|Other names||TR-700, torezolid|
|Drug class||Oxazolidinone antibiotic|
|Main uses||Skin and skin structure infection|
|By mouth, intravenous|
|Elimination half-life||12 hours|
|Chemical and physical data|
|Molar mass||370.344 g·mol−1|
|3D model (JSmol)|
|(what is this?)|
Tedizolid, sold under the brand name Sivextro, is an antibiotic used for skin and skin structure infection including cellulitis and skin abscesses. This includes cases due to meticillin-resistant Staphylococcus aureus (MRSA). It can be given by mouth or by gradual injection into a vein.
Common side effects include nausea, headache, diarrhea, and vomiting. Other side effects may include Clostridioides difficile infection. Safety in pregnancy and breastfeeding is unclear. It is in the oxazolidinone class of medications and works by blocking bacteria from making protein.

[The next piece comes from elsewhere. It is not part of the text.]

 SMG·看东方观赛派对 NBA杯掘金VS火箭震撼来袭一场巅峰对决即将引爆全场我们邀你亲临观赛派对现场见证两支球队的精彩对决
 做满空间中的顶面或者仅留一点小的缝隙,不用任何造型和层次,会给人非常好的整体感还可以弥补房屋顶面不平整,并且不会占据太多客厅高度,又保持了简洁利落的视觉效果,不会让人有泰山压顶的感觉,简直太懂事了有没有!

Tedizolid was approved for medical use in the United States in 2014 and Canada and Europe in 2015. In the United States a 6 day course of treatment costs about 2,300 USD as of 2021. This amount in the United Kingdom costs the NHS about £862.

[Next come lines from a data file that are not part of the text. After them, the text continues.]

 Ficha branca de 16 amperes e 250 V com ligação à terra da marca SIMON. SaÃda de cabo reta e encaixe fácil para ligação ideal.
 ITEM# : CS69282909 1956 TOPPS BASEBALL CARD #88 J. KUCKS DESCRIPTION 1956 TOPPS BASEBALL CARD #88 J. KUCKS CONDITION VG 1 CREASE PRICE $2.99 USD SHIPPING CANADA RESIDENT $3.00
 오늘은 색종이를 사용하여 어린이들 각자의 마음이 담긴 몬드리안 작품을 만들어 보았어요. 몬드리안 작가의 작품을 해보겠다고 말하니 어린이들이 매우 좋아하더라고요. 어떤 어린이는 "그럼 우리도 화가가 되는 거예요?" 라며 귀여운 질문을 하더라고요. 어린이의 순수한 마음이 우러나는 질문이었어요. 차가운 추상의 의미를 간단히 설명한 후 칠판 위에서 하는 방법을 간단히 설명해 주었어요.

Tedizolid is used for the treatment of acute bacterial skin and skin structure infections (ABSSSI) caused by certain susceptible bacteria, including Staphylococcus aureus (including methicillin-resistant strains, MRSA, and methicillin-susceptible strains), various Streptococcus species (S. pyogenes, S. agalactiae, and S. anginosus group including S. anginosus, S. intermedius, and S. constellatus), and Enterococcus faecalis.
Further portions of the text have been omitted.